> [Dataset extract]
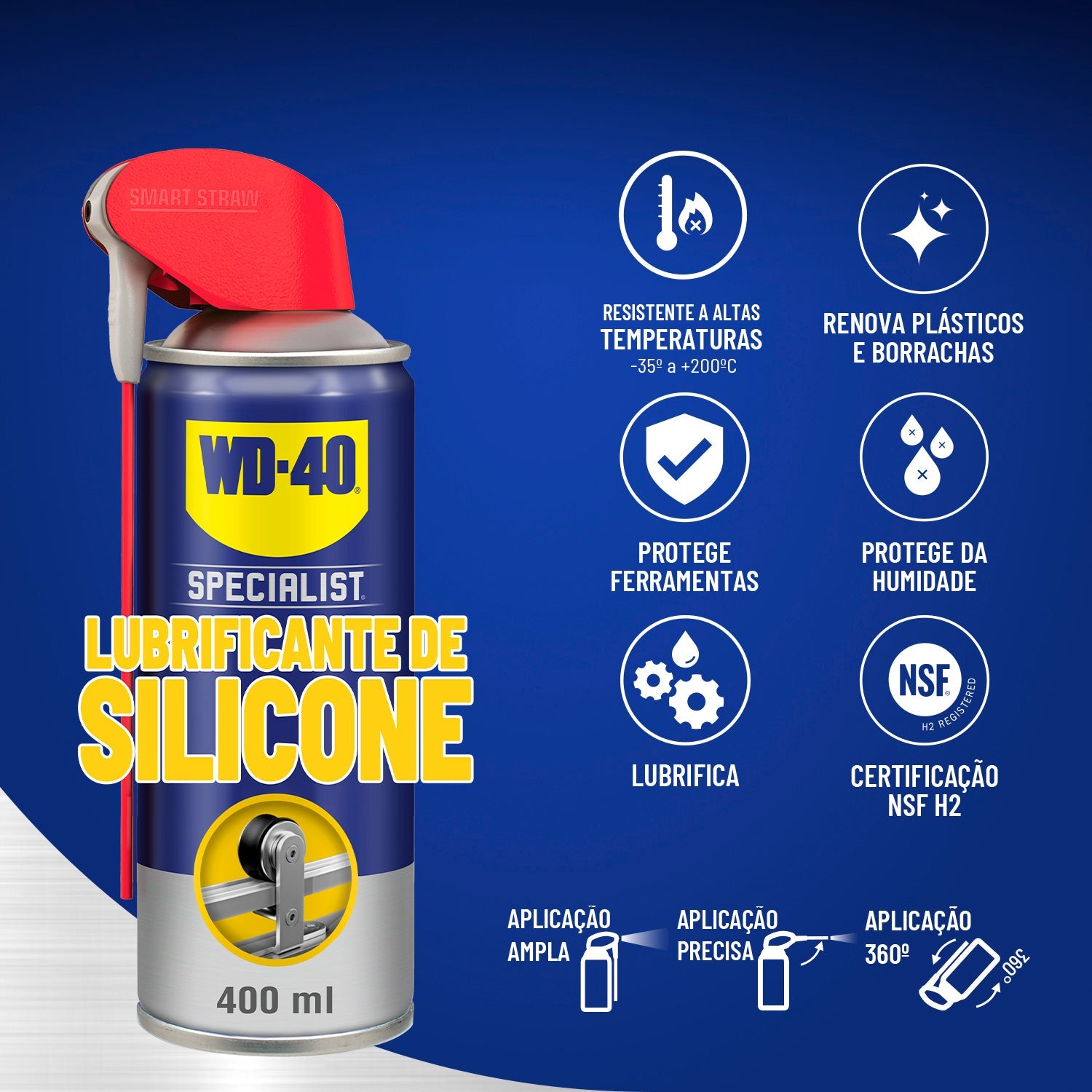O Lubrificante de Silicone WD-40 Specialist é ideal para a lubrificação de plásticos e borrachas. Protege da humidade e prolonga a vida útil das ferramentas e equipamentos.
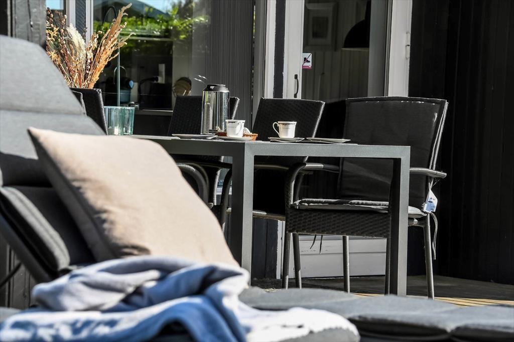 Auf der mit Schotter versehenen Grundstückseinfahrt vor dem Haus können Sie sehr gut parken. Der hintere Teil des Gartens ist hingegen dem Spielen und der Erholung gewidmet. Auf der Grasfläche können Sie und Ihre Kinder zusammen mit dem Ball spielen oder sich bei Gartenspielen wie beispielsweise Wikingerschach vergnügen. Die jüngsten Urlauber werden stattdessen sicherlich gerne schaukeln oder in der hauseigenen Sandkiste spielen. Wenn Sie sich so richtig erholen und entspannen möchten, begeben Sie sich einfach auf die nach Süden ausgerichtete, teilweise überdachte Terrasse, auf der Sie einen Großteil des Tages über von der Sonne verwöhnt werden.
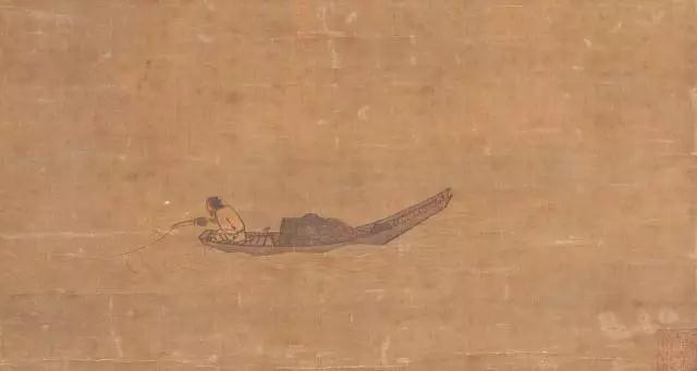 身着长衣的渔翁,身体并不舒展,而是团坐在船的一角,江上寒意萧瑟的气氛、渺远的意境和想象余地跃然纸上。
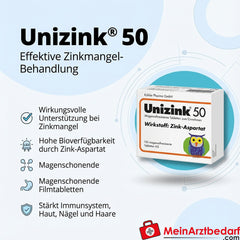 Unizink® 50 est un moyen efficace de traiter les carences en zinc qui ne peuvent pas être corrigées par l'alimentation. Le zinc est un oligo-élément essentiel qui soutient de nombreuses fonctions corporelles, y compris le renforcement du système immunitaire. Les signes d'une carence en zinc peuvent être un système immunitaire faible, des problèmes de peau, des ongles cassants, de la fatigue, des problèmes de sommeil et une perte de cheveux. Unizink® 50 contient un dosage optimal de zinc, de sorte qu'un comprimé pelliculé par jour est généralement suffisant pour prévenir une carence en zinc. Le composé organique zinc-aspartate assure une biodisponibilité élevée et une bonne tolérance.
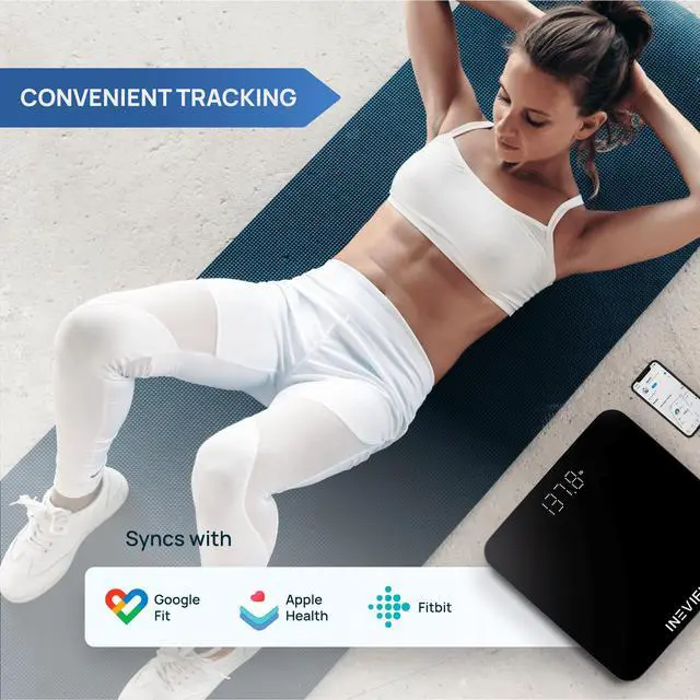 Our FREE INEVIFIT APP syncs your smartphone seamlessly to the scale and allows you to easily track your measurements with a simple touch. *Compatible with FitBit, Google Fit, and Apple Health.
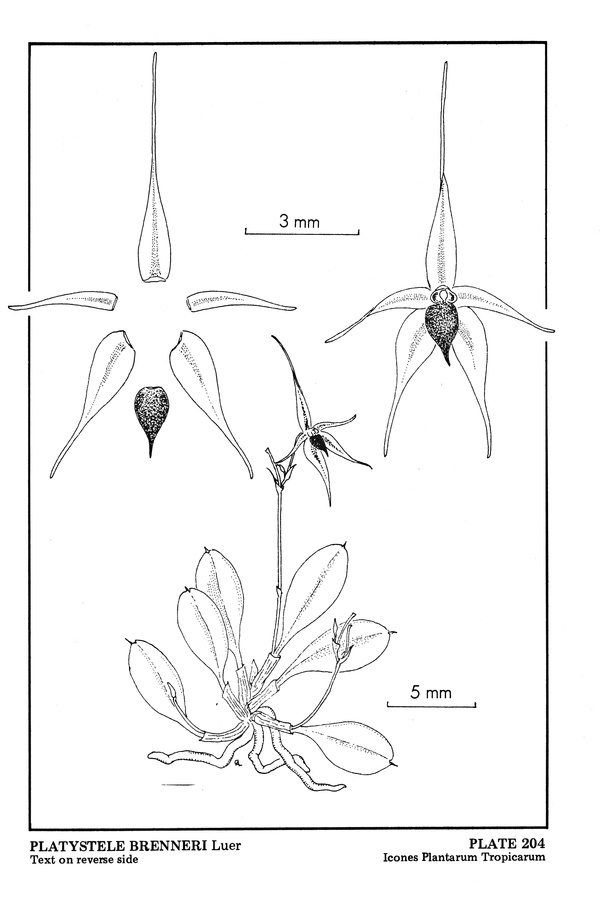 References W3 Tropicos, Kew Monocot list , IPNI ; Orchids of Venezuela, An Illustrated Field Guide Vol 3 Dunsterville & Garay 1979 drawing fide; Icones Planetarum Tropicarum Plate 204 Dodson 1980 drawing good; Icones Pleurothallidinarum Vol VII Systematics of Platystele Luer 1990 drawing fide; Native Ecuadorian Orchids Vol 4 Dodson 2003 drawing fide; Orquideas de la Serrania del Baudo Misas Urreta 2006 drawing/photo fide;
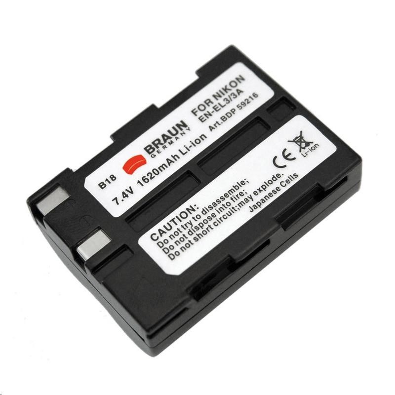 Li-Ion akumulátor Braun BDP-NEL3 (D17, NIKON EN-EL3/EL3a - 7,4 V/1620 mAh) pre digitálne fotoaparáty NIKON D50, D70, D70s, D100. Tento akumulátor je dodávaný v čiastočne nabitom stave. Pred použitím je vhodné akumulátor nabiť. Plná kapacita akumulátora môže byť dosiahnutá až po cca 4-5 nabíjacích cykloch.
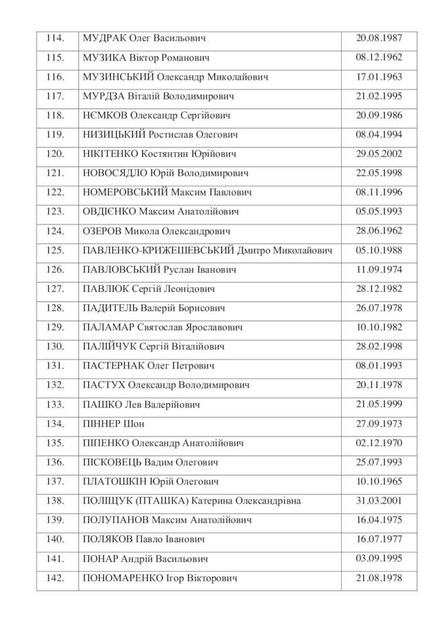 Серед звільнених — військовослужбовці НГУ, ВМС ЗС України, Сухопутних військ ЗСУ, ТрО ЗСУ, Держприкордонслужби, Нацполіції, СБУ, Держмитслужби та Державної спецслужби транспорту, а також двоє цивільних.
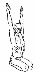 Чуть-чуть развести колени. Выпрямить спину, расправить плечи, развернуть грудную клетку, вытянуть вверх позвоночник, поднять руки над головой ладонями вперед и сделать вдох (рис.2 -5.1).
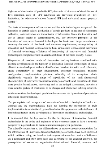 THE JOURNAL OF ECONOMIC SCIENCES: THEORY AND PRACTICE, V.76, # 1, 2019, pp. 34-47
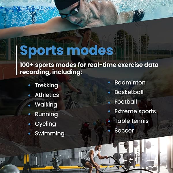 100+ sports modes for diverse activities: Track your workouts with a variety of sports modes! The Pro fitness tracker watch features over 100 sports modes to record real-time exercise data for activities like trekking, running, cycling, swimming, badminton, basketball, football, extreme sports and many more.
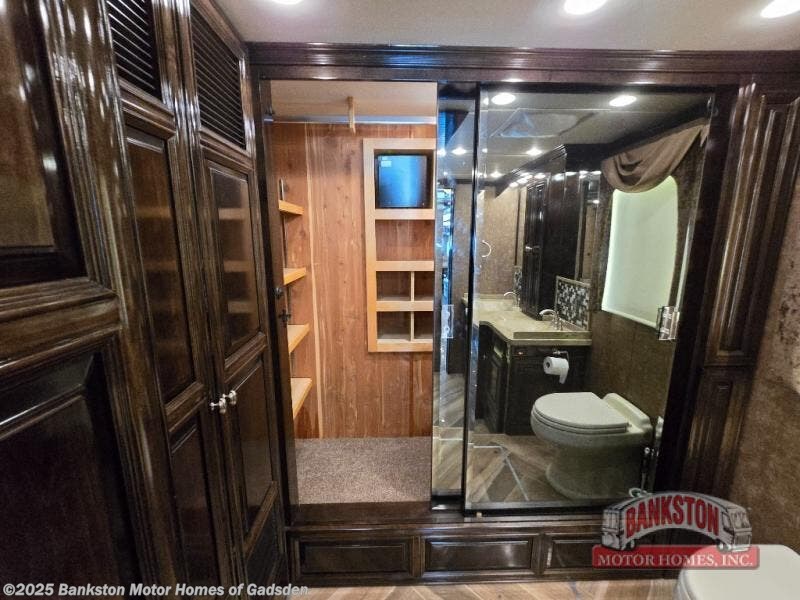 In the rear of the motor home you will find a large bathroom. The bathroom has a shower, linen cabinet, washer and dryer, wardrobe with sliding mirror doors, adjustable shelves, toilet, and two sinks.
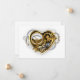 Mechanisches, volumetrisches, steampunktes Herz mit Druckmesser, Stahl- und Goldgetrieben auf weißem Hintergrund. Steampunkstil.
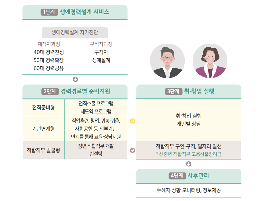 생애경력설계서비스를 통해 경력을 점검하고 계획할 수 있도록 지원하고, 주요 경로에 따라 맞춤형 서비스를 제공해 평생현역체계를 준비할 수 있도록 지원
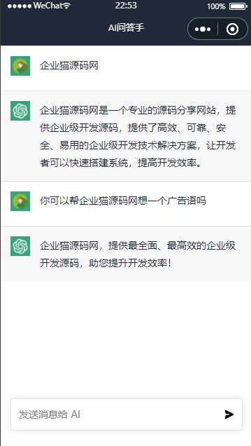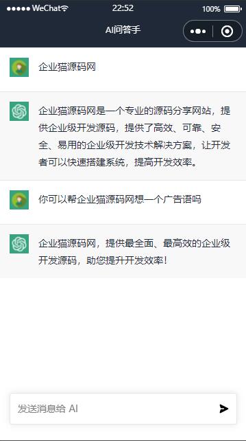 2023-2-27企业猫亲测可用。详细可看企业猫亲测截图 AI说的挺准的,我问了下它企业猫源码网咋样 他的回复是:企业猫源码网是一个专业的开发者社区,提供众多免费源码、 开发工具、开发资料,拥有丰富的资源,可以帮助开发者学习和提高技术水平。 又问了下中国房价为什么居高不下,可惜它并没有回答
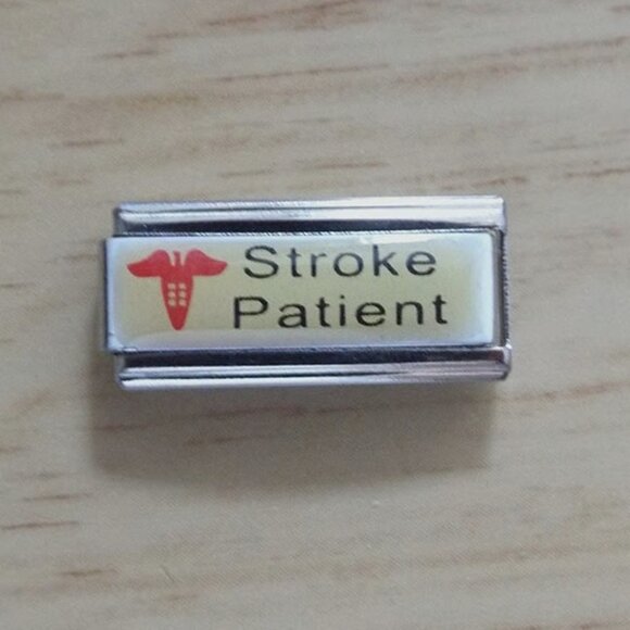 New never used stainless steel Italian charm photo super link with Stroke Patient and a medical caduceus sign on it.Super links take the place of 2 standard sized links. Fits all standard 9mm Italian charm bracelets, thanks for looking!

> [What this task involves] Copy nothing but the lines from the top of the data down to the line containing "Unizink® 50 est", and leave the pictures out.

> [Answer area]
O Lubrificante de Silicone WD-40 Specialist é ideal para a lubrificação de plásticos e borrachas. Protege da humidade e prolonga a vida útil das ferramentas e equipamentos.
 Auf der mit Schotter versehenen Grundstückseinfahrt vor dem Haus können Sie sehr gut parken. Der hintere Teil des Gartens ist hingegen dem Spielen und der Erholung gewidmet. Auf der Grasfläche können Sie und Ihre Kinder zusammen mit dem Ball spielen oder sich bei Gartenspielen wie beispielsweise Wikingerschach vergnügen. Die jüngsten Urlauber werden stattdessen sicherlich gerne schaukeln oder in der hauseigenen Sandkiste spielen. Wenn Sie sich so richtig erholen und entspannen möchten, begeben Sie sich einfach auf die nach Süden ausgerichtete, teilweise überdachte Terrasse, auf der Sie einen Großteil des Tages über von der Sonne verwöhnt werden.
 身着长衣的渔翁,身体并不舒展,而是团坐在船的一角,江上寒意萧瑟的气氛、渺远的意境和想象余地跃然纸上。
 Unizink® 50 est un moyen efficace de traiter les carences en zinc qui ne peuvent pas être corrigées par l'alimentation. Le zinc est un oligo-élément essentiel qui soutient de nombreuses fonctions corporelles, y compris le renforcement du système immunitaire. Les signes d'une carence en zinc peuvent être un système immunitaire faible, des problèmes de peau, des ongles cassants, de la fatigue, des problèmes de sommeil et une perte de cheveux. Unizink® 50 contient un dosage optimal de zinc, de sorte qu'un comprimé pelliculé par jour est généralement suffisant pour prévenir une carence en zinc. Le composé organique zinc-aspartate assure une biodisponibilité élevée et une bonne tolérance.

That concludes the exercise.